(Stored data entries)
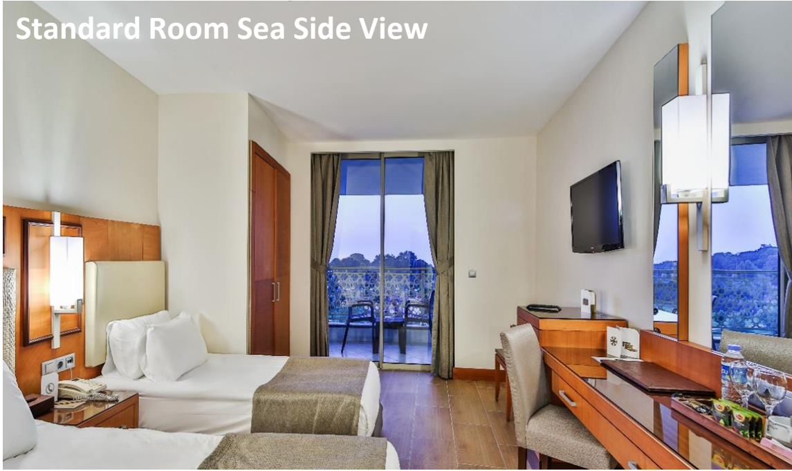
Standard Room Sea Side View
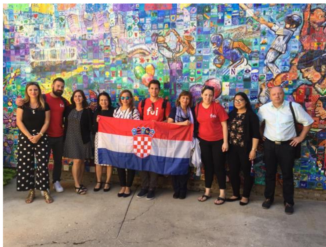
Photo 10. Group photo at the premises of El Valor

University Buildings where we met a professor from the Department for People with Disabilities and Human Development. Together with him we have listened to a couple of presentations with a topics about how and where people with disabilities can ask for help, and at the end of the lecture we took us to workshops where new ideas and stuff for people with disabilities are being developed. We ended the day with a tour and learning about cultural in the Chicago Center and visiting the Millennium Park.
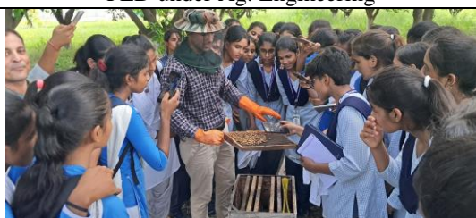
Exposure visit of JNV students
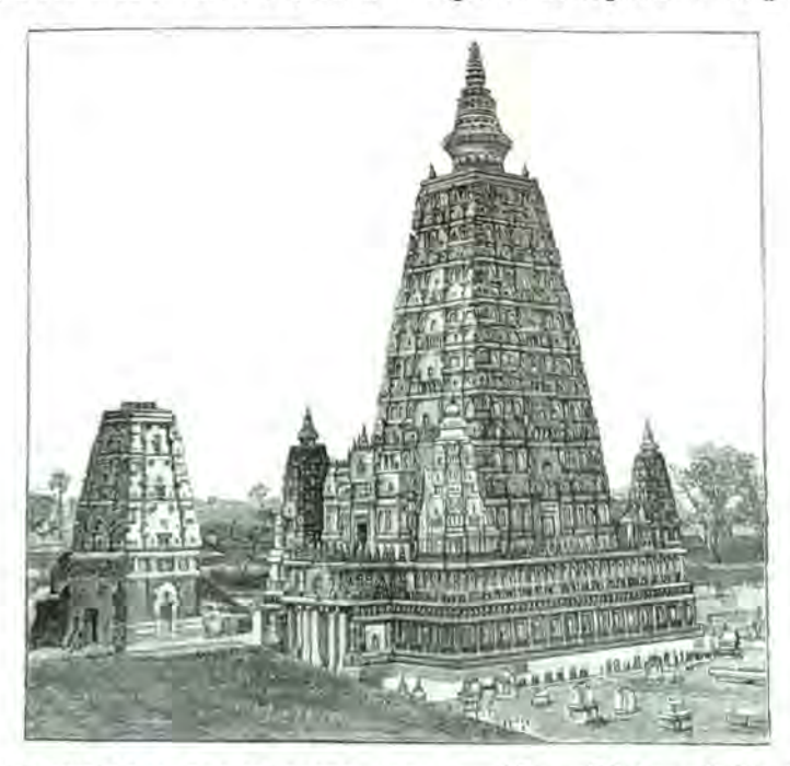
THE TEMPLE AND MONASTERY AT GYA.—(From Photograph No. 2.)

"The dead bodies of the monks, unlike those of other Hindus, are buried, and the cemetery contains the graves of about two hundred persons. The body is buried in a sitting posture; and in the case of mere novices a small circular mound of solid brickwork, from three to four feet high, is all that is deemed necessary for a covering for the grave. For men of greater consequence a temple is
---
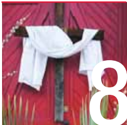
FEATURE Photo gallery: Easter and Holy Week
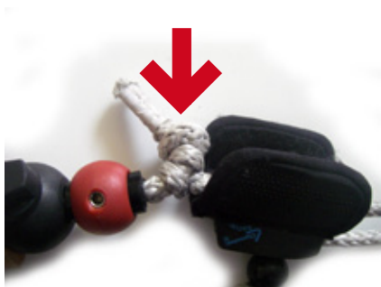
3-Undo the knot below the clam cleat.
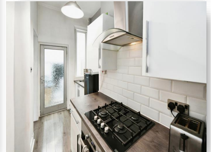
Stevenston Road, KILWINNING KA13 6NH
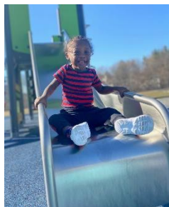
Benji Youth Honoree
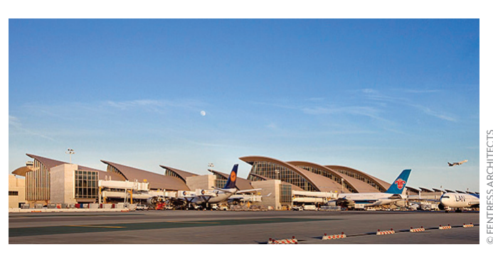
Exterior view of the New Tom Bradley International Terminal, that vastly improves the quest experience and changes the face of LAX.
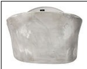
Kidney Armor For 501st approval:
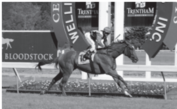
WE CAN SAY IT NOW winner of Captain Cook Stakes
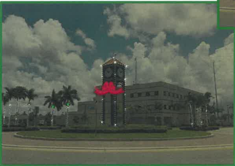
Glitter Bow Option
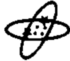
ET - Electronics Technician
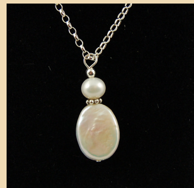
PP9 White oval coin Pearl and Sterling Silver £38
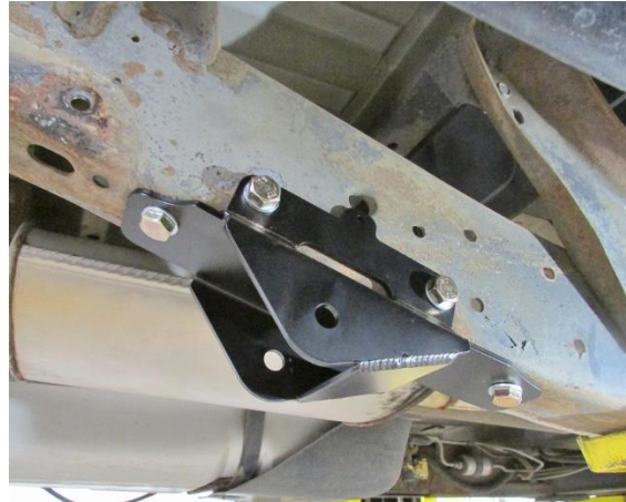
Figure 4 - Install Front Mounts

» ABOUT THIS TASK
From the entries above, copy exactly the lines starting at the one with "Exposure visit of JNV students" and stopping at the one with "THE TEMPLE AND", keeping both ends. Drop the pictures.

» RESPONSE BOX
Exposure visit of JNV students
THE TEMPLE AND MONASTERY AT GYA.—(From Photograph No. 2.)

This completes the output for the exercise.